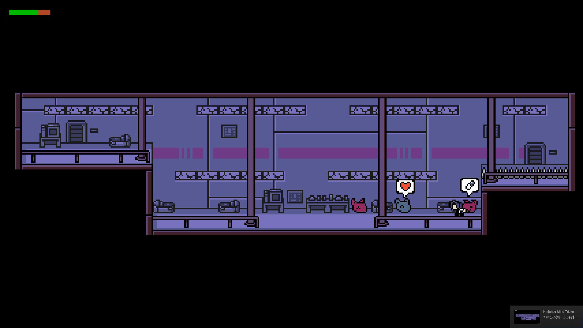 Ninjahtic Mind Tricks is an 8-bit hack-and-slash platformer with stealth, adventure, and puzzle elements. Like it's predecessor, Ninjahtic, levels have an open-ended nature and are presented in a linear fashion.
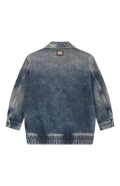 Синюю джинсовую куртку, представленную эксклюзивно в ЦУМе, сшили из плотной хлопковой ткани, которая не мешает воздуху циркулировать, а с каждой стиркой становится мягче. Модель с регулируемыми ремешками на поясе декорировали небольшими потертостями на швах. Изделие с брендированной пластиной сзади застегивается серебристыми болтами.
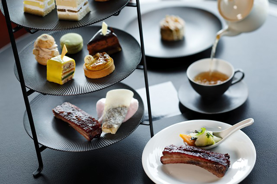 「パティスリーSATSUKI」の“スーパーシリーズ”をはじめ、「ピエール・エルメ・パリ」の代表的スイーツの数々、そして今年で開業50周年を迎える「トレーダーヴィックス 東京」のスペアリブや、ホテル直営の本格上海料理店「大観苑」のシグネチャープレートを一度にお愉しみいただける『スーパーアフタヌーンティー』。第4弾となる今回は、旬を迎えた「栗とぶどう」をテーマにお届けする、秋の味覚が詰まったラインアップです。
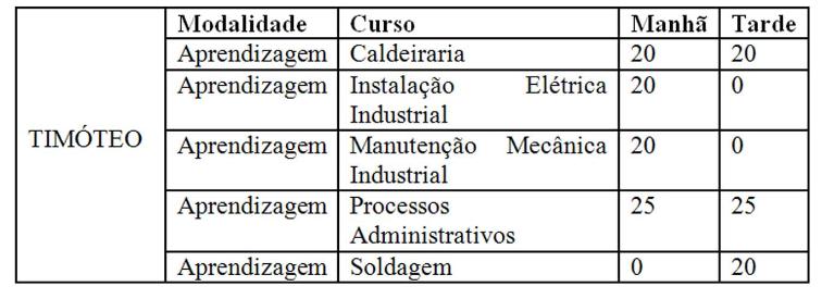 TIMÓTEO A unidade do Senai no município está com inscrições abertas para o seu processo seletivo. Para o primeiro semestre de 2012, são ofertadas 150 vagas para os cursos gratuitos de aprendizagem industrial nas áreas de caldeiraria, instalação elétrica industrial, manutenção mecânica industrial, processos administrativos e soldagem.
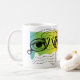 En mugg med en illustration av ett välsignat Solanus Casey citationstecken: "Är många regnbågarna, sunburstsna, stilla, bris-och är hailstorms-vi ansvariga att möta för, vid nåden av guden, oss är kompetent att dråsa in i våra gravar med förtroendet av trött barn in i deras ställen av den fridsamma slummern.",
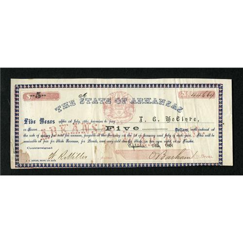 <B>Little Rock, AR- State of Arkansas</B></I> $5 Bond July 1, 1861 61J2<BR>This bond exhibits embossing and some staining along the bottom edge. The left edge has an approximate one inch repair. <B>Fine-Very Fine.</B></I><BR><BR><b>Shipping:</b> Coins & Currency (<a target="_blank" href="http://www.heritageauctions.com/common/shipping.php">view shipping information</a>)
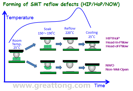 上圖將NWO(Non-Wet-Open)與HIP(Head-In-Pillow)或HoP(Head-of-Pillow)在SMT的Reflow溫度曲線下形成的原因稍微做了解釋,基本上兩者都是因為板材變形所致,只是HIP的錫膏會保留在電路板的焊墊上,但NWO則完全轉移到了錫球。
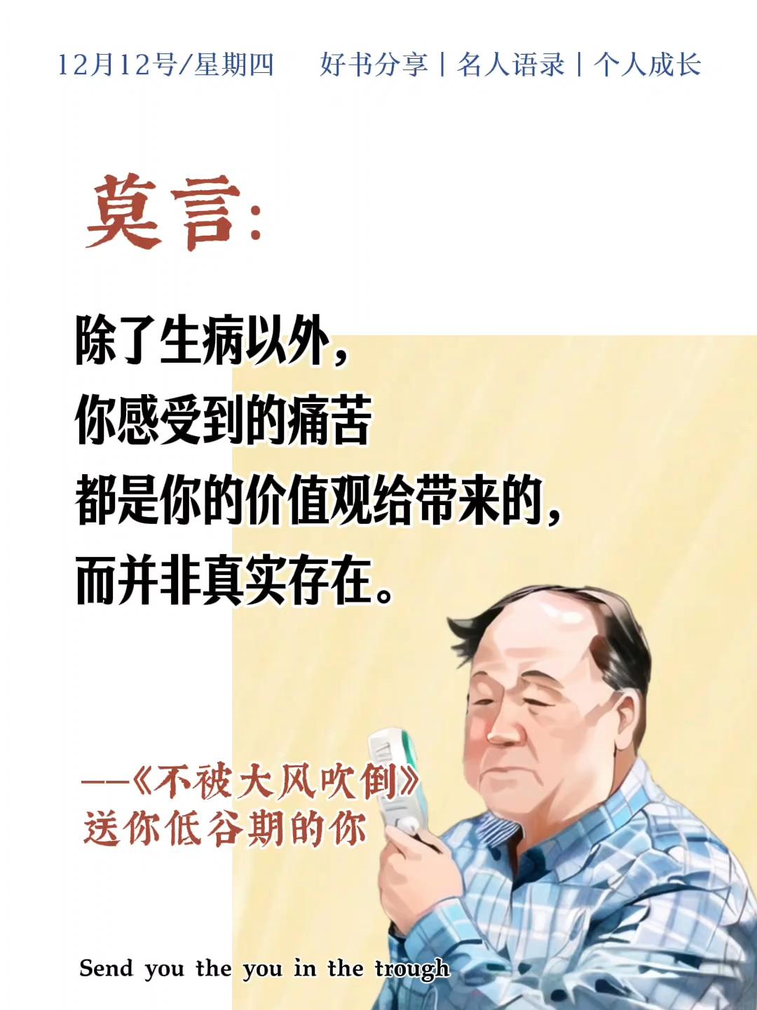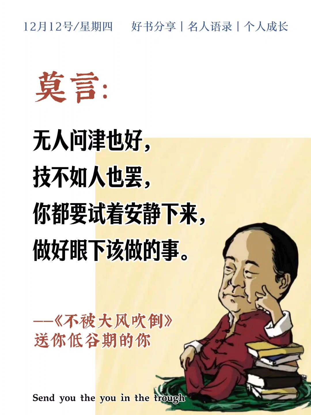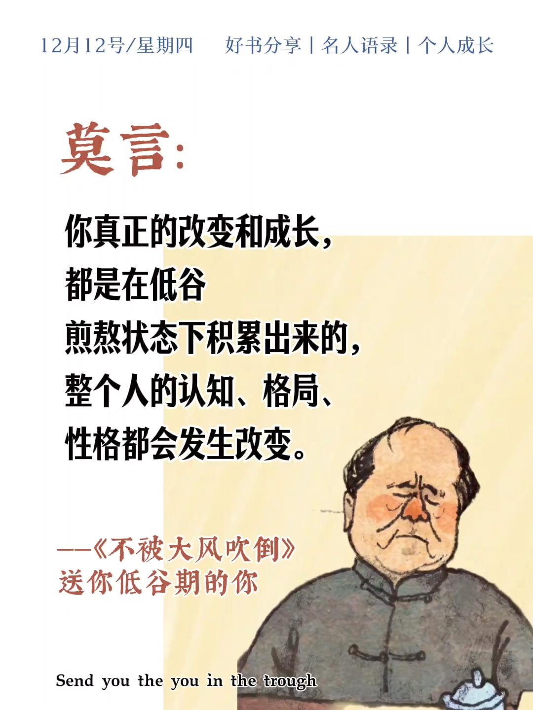 后劲太大了!低谷期都去看看这本书吧!如果你正感到迷茫,不想错过这本书--莫言的《不被大风吹倒》!这是莫言最新出版的自传式随笔集,专门写给那些在低谷中挣扎的年轻人。
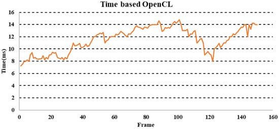 Figure 10 shows the results obtained with the evaluation of the algorithm used on an image sequence. The time varied between a minimum value of 7.23 ms and a maximum value of 14.8, with an average of 11.5 ms. The approach used in this work allowed us to accelerate the second block shown in Figure 6, which was based on the processing of indices. The sequential evaluation of processing time confirmed this choice, which encouraged us to process the first block in the CPU part (host) and the second block in the device part (FPGA) in order to return the results to the host for classification. In the proposed acceleration, we used a naive acceleration based on a single kernel that achieved all the processing. Subsequently, we optimized this implementation in terms of processing time by using the fast local memory of the CPU-FPGA architecture. The tool used in our case was based on OpenCL, both for the naive implementation and the optimized version. The following two pseudo codes (Algorithms 1 and 2) show the processing in the host part and the kernel part.
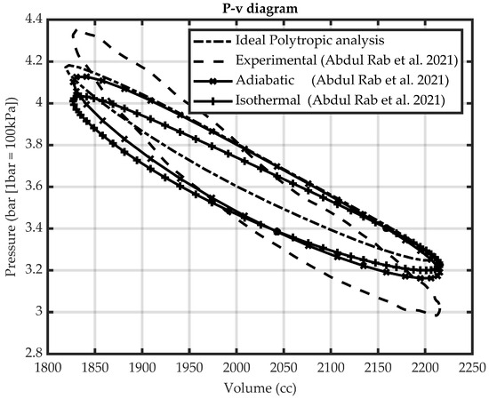 The PV diagram is drawn below for the model validation of the ideal polytropic analysis, and the PV curve is compared with the experimental, adiabatic, isothermal, and ideal polytropic curves. The curve of the new isothermal model is within the range of the experimental curve, as shown in Figure 1. Table 3 compares work, power, and efficiency with the isothermal, adiabatic, experimental, and ideal polytropic methods.
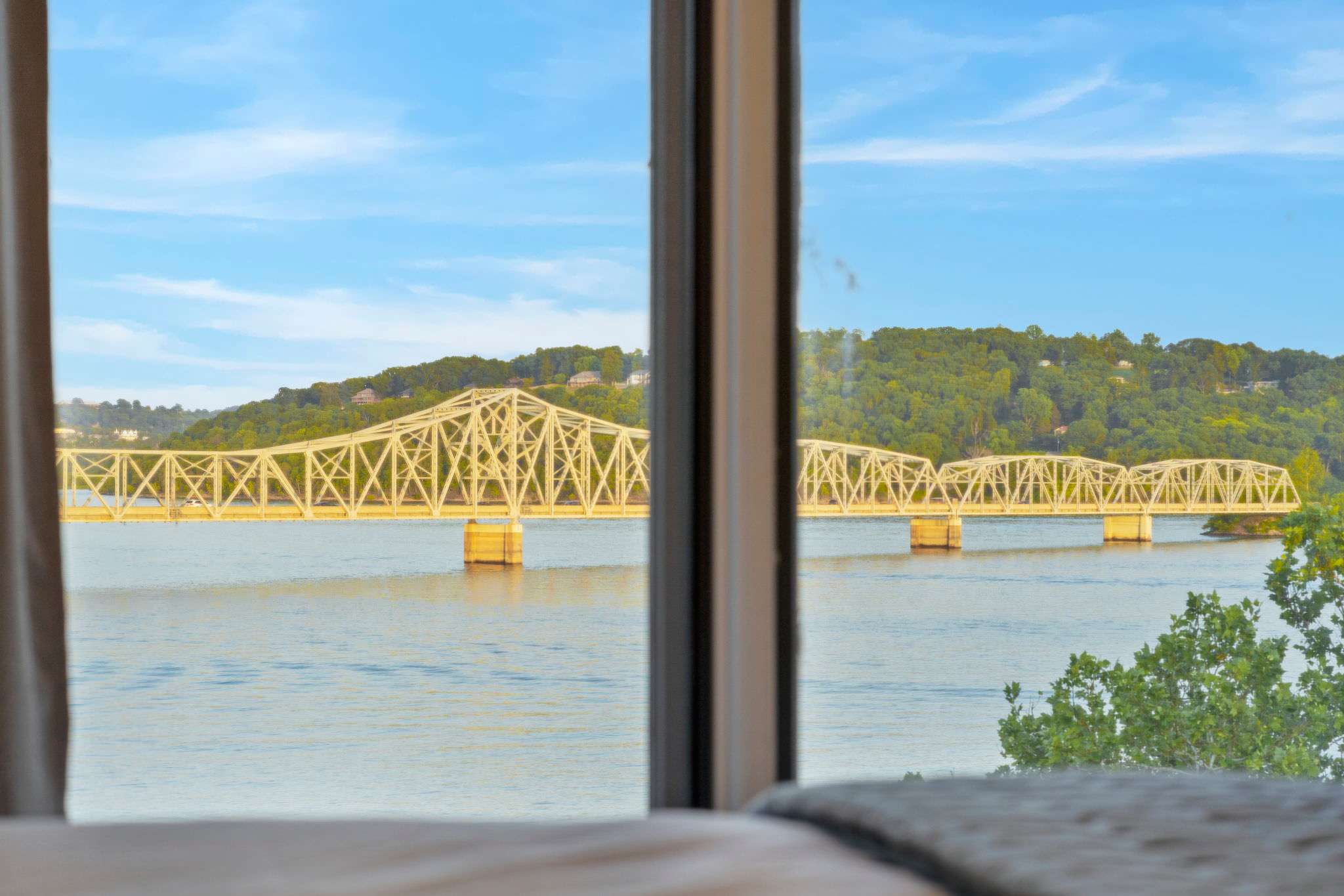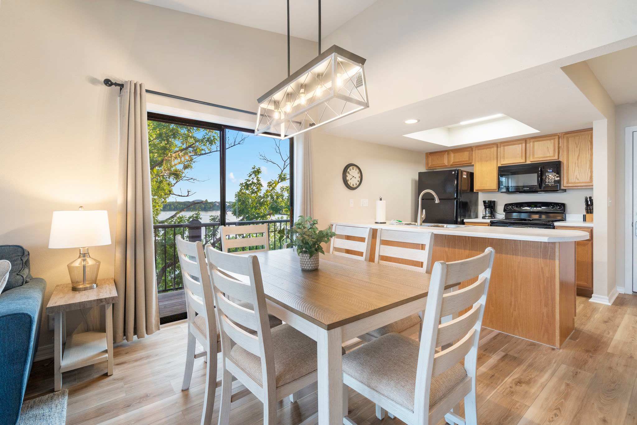 The spacious wraparound outdoor balcony offers unlimited views of the lake as well as the scenic Kimberling City Bridge. A café table with seating for 4 provides the option for an outdoor meal or game of cards in the fresh Ozark air. Stepping inside, bright, well-lit spaces stocked with comfortable furnishings invite you to unwind after a long day of outdoor activities. From the cozy living room with ample sofa-style seating and large, mounted smart TV to the dining room table with seating for 6, you and your guests will find places suitable for spreading out or coming back together for memorable moments. A clean, well-equipped kitchen with all standard appliances and drip coffee maker allows for home-cooked meals and plenty of counter space for preparing local takeout.
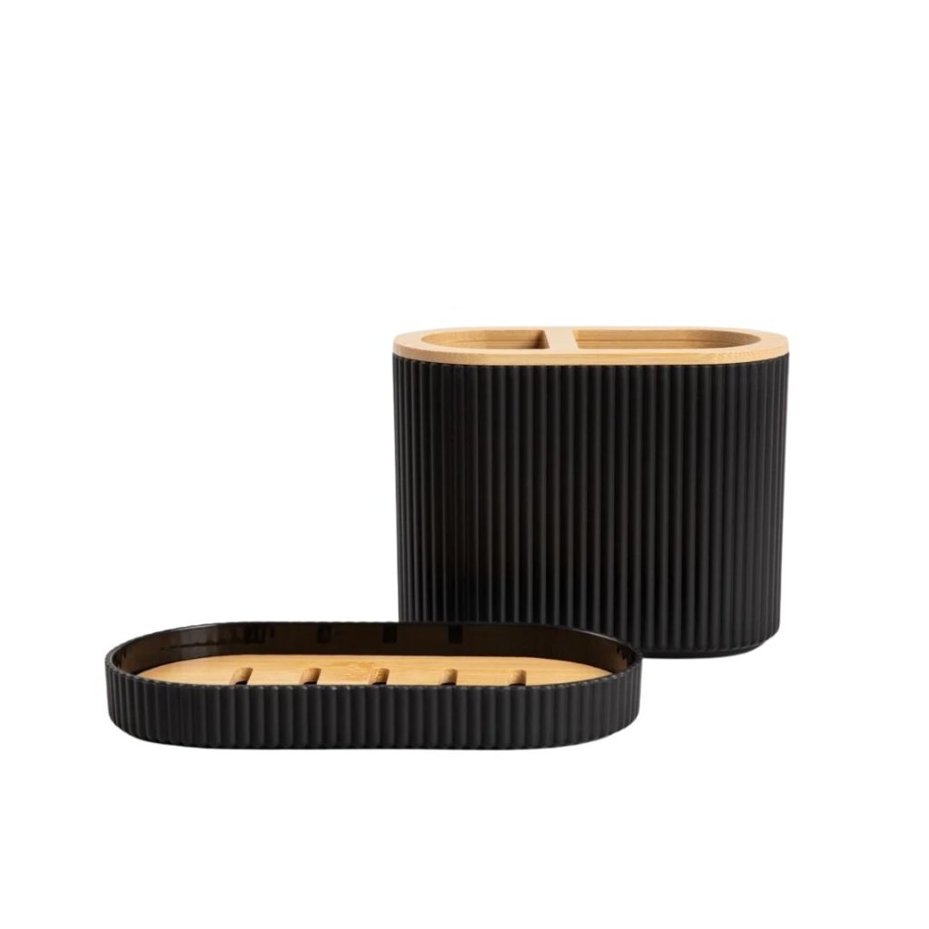 - Jednotný vzhled, jemné linie a přirozená kombinace černého povrchu s dřevěnými detaily promění koupelnu v místo, kde se dobře začíná i končí den. Vše má své místo, nic neruší – jen ticho, světlo a pocit čistoty. Ideální volba pro ty, kdo mají rádi řád, ale zároveň teplo domova.
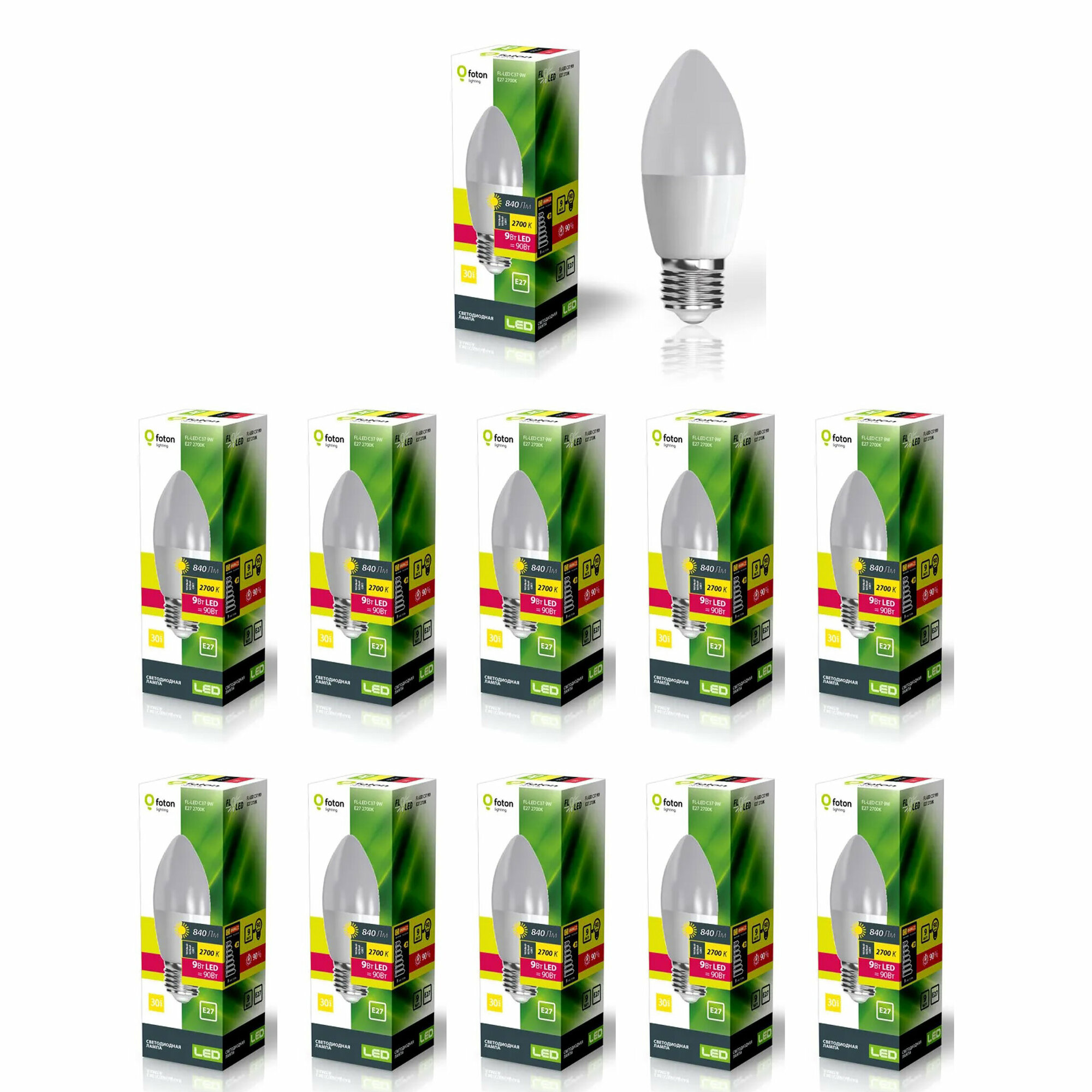 10 цен на Лампочка светодиодная Foton Lighting Свеча B E27 9Вт 220В 840Лм 2700К Теплый белый, упаковка 10шт

- _What you have to do_:
Only the text of the records belongs in your answer, copied exactly as it appears above.

- _Reply to the exercise_:
 Ninjahtic Mind Tricks is an 8-bit hack-and-slash platformer with stealth, adventure, and puzzle elements. Like it's predecessor, Ninjahtic, levels have an open-ended nature and are presented in a linear fashion.
 Синюю джинсовую куртку, представленную эксклюзивно в ЦУМе, сшили из плотной хлопковой ткани, которая не мешает воздуху циркулировать, а с каждой стиркой становится мягче. Модель с регулируемыми ремешками на поясе декорировали небольшими потертостями на швах. Изделие с брендированной пластиной сзади застегивается серебристыми болтами.
 「パティスリーSATSUKI」の“スーパーシリーズ”をはじめ、「ピエール・エルメ・パリ」の代表的スイーツの数々、そして今年で開業50周年を迎える「トレーダーヴィックス 東京」のスペアリブや、ホテル直営の本格上海料理店「大観苑」のシグネチャープレートを一度にお愉しみいただける『スーパーアフタヌーンティー』。第4弾となる今回は、旬を迎えた「栗とぶどう」をテーマにお届けする、秋の味覚が詰まったラインアップです。
 TIMÓTEO A unidade do Senai no município está com inscrições abertas para o seu processo seletivo. Para o primeiro semestre de 2012, são ofertadas 150 vagas para os cursos gratuitos de aprendizagem industrial nas áreas de caldeiraria, instalação elétrica industrial, manutenção mecânica industrial, processos administrativos e soldagem.
 En mugg med en illustration av ett välsignat Solanus Casey citationstecken: "Är många regnbågarna, sunburstsna, stilla, bris-och är hailstorms-vi ansvariga att möta för, vid nåden av guden, oss är kompetent att dråsa in i våra gravar med förtroendet av trött barn in i deras ställen av den fridsamma slummern.",
 <B>Little Rock, AR- State of Arkansas</B></I> $5 Bond July 1, 1861 61J2<BR>This bond exhibits embossing and some staining along the bottom edge. The left edge has an approximate one inch repair. <B>Fine-Very Fine.</B></I><BR><BR><b>Shipping:</b> Coins & Currency (<a target="_blank" href="http://www.heritageauctions.com/common/shipping.php">view shipping information</a>)
 上圖將NWO(Non-Wet-Open)與HIP(Head-In-Pillow)或HoP(Head-of-Pillow)在SMT的Reflow溫度曲線下形成的原因稍微做了解釋,基本上兩者都是因為板材變形所致,只是HIP的錫膏會保留在電路板的焊墊上,但NWO則完全轉移到了錫球。
 后劲太大了!低谷期都去看看这本书吧!如果你正感到迷茫,不想错过这本书--莫言的《不被大风吹倒》!这是莫言最新出版的自传式随笔集,专门写给那些在低谷中挣扎的年轻人。
 Figure 10 shows the results obtained with the evaluation of the algorithm used on an image sequence. The time varied between a minimum value of 7.23 ms and a maximum value of 14.8, with an average of 11.5 ms. The approach used in this work allowed us to accelerate the second block shown in Figure 6, which was based on the processing of indices. The sequential evaluation of processing time confirmed this choice, which encouraged us to process the first block in the CPU part (host) and the second block in the device part (FPGA) in order to return the results to the host for classification. In the proposed acceleration, we used a naive acceleration based on a single kernel that achieved all the processing. Subsequently, we optimized this implementation in terms of processing time by using the fast local memory of the CPU-FPGA architecture. The tool used in our case was based on OpenCL, both for the naive implementation and the optimized version. The following two pseudo codes (Algorithms 1 and 2) show the processing in the host part and the kernel part.
 The PV diagram is drawn below for the model validation of the ideal polytropic analysis, and the PV curve is compared with the experimental, adiabatic, isothermal, and ideal polytropic curves. The curve of the new isothermal model is within the range of the experimental curve, as shown in Figure 1. Table 3 compares work, power, and efficiency with the isothermal, adiabatic, experimental, and ideal polytropic methods.
 The spacious wraparound outdoor balcony offers unlimited views of the lake as well as the scenic Kimberling City Bridge. A café table with seating for 4 provides the option for an outdoor meal or game of cards in the fresh Ozark air. Stepping inside, bright, well-lit spaces stocked with comfortable furnishings invite you to unwind after a long day of outdoor activities. From the cozy living room with ample sofa-style seating and large, mounted smart TV to the dining room table with seating for 6, you and your guests will find places suitable for spreading out or coming back together for memorable moments. A clean, well-equipped kitchen with all standard appliances and drip coffee maker allows for home-cooked meals and plenty of counter space for preparing local takeout.
 - Jednotný vzhled, jemné linie a přirozená kombinace černého povrchu s dřevěnými detaily promění koupelnu v místo, kde se dobře začíná i končí den. Vše má své místo, nic neruší – jen ticho, světlo a pocit čistoty. Ideální volba pro ty, kdo mají rádi řád, ale zároveň teplo domova.
 10 цен на Лампочка светодиодная Foton Lighting Свеча B E27 9Вт 220В 840Лм 2700К Теплый белый, упаковка 10шт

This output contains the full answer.